シェ:「…… やっぱり、行っちゃうのか?」
ソレ:「…… どうしようかなぁ、ってところですねw どうしましょうか?」
(どうしようもこうしようも、行ってからのことはセッション次第だがな!) ← PL心の声
シェ:「行くな!!

 普段はっきりしないウジウジしていた小僧からの、思いも寄らぬ正面突破。
 かいしんのいちげき!! ソレイユに 10 の ダメージをあたえた!(HP:8/18 MP:18/18)

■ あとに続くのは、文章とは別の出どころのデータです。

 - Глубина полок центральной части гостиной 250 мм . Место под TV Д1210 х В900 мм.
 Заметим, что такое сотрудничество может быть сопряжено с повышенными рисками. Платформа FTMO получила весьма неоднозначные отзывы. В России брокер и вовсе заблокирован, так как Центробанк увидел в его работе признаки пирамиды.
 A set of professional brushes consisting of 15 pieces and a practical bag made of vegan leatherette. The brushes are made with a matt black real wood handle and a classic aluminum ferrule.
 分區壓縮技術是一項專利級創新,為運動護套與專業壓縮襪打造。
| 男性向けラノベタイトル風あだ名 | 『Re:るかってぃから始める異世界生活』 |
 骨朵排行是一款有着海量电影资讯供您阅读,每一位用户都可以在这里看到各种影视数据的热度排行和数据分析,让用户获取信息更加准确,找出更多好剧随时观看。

シェ:「… ぁ…(横向く) あと… 3年待っててよ……」

 かいしんのいちげき!! ソレイユに 10 の ダメージをあたえた!(HP:0/18 MP:18/18)
 ソレイユ は かんらく してしまった!!

ソレ:「もし、待てることになったら、4年―― 4年待ちますよ」
(故郷のイゼルフェーン州では16歳が成人のため)

 「自分は、自分を一番必要としてくれる方のところに居たい」 というソレイユの信条からして、こういう台詞しか出てこないわけである。
 つまり、シェンホウが一人前になろうと努力するための努力目標になる、という、まさにソレイユ信条にマッチしたニーズ。
 ちょうどシャランにフられて二週間程度という、精神的に弱い時期だったというのもあるけれどもw

 とりあえず、予想外の方向からラブコメが再スタートしたと誰もが思ったかもしれないが、この時期のソレイユとしては、シェンホウはまだ保護対象。相談相手としては不足であった。

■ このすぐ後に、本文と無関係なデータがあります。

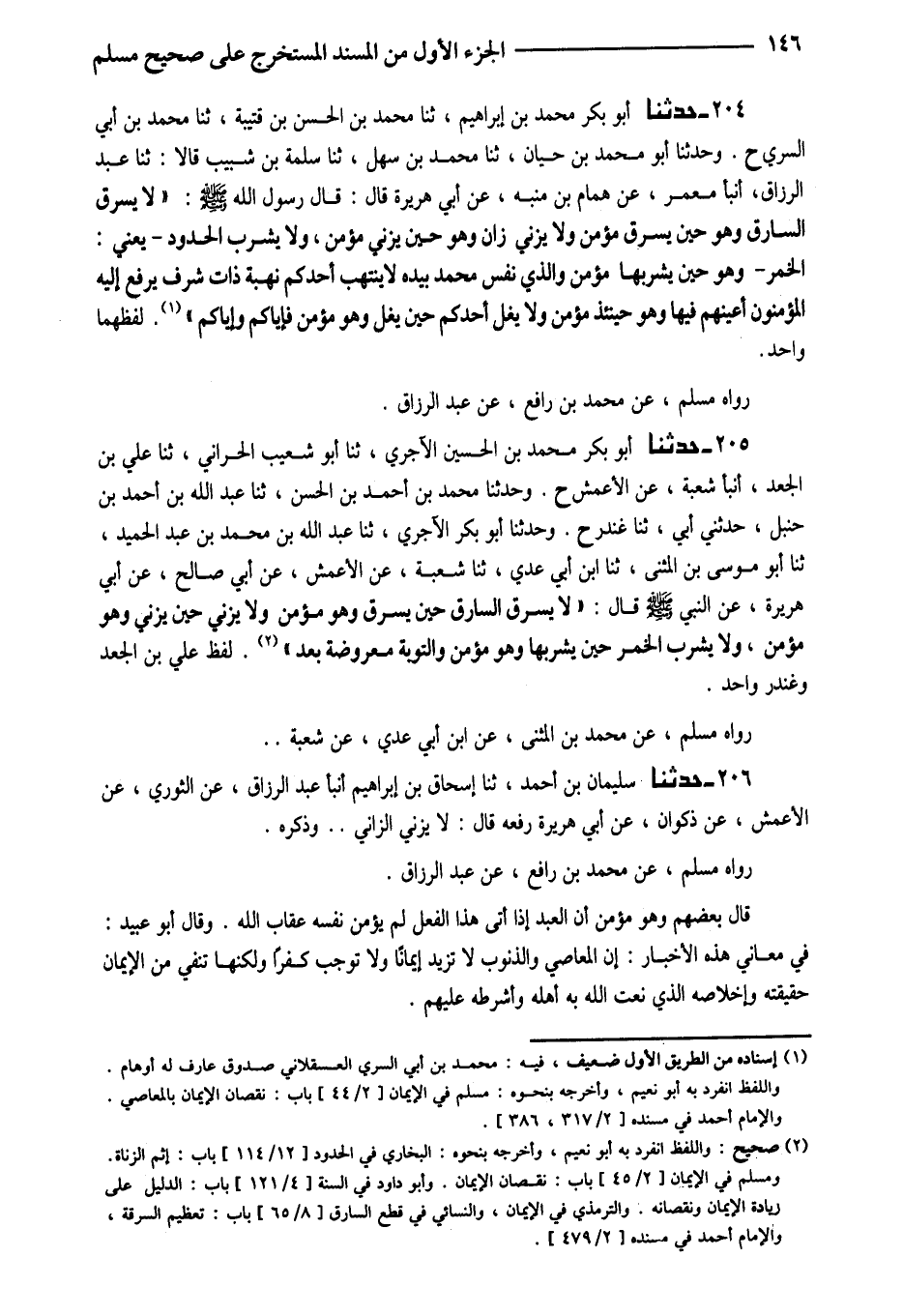 204 - حَدَّثَنَا أَبُو بَكْرٍ مُحَمَّدُ بْنُ إِبْرَاهِيمَ ثَنَا مُحَمَّدُ بْنُ الْحَسَنِ بْنِ قُتَيْبَةَ ثَنَا مُحَمَّدُ بْنُ أَبِي السَّرِيِّ ح وَحَدَّثَنَا أَبُو مُحَمَّدِ بْنُ حَيَّانَ ثَنَا مُحَمَّدُ بْنُ سَهْلٍ ثَنَا سَلَمَةُ بْنُ شَبِيبٍ قَالا ثَنَا عَبْدُ الرَّزَّاقِ أَنْبَأَ مَعْمَرٌ عَنْ هَمَّامِ بْنِ مُنَبِّهٍ عَنْ أَبِي هُرَيْرَةَ قَالَ قَالَ رَسُولُ اللَّهِ صَلَّى اللَّهُ عَلَيْهِ وَسَلَّمَ (لَا يَسْرِقُ السَّارِقُ وَهُوَ حِينَ يَسْرِقُ مُؤْمِنٌ وَلا يَزْنِي زَانٍ وَهُوَ حِينَ يَزْنِي مُؤْمِنٌ وَلا يَشْرَبُ الْحُدُودَ يَعْنِي الْخَمْرَ وَهُوَ حِينَ يَشْرَبُهَا مُؤْمِنٌ وَالَّذِي نَفْسُ مُحَمَّدٍ بِيَدِهِ لَا يَنْتَهِبُ أَحَدُكُمْ نُهْبَةً ذَاتَ شَرَفٍ يَرْفَعُ إِلَيْهِ الْمُؤْمِنُونَ أَعْيُنَهُمْ فِيهَا وَهُوَ حِينَئِذٍ مُؤْمِنٌ وَلا يَغُلُّ أَحَدُكُمْ حِينَ يَغُلُّ وَهُوَ مُؤْمِنٌ فإياكم وَإِيَّاكُم) لَفْظهمَا وَاحِد ضَعِيفٌ

 結局相談を持ちかけたリゥとシャランからそれぞれアドバイスをもらい、「一度実家に行って親としっかり相談して後悔のない選択をすれ」 という結論に落ち着いたので、イゼルフェーン州へ一時帰郷が決定。
 この時期雑談でよく話していたビショウの存在も、中立の立場からの言葉をいろいろと貰えたという点で大きかった。よく話す人たちの中では、明らかな年配として接してくれるのはビショウくらいだったからだ。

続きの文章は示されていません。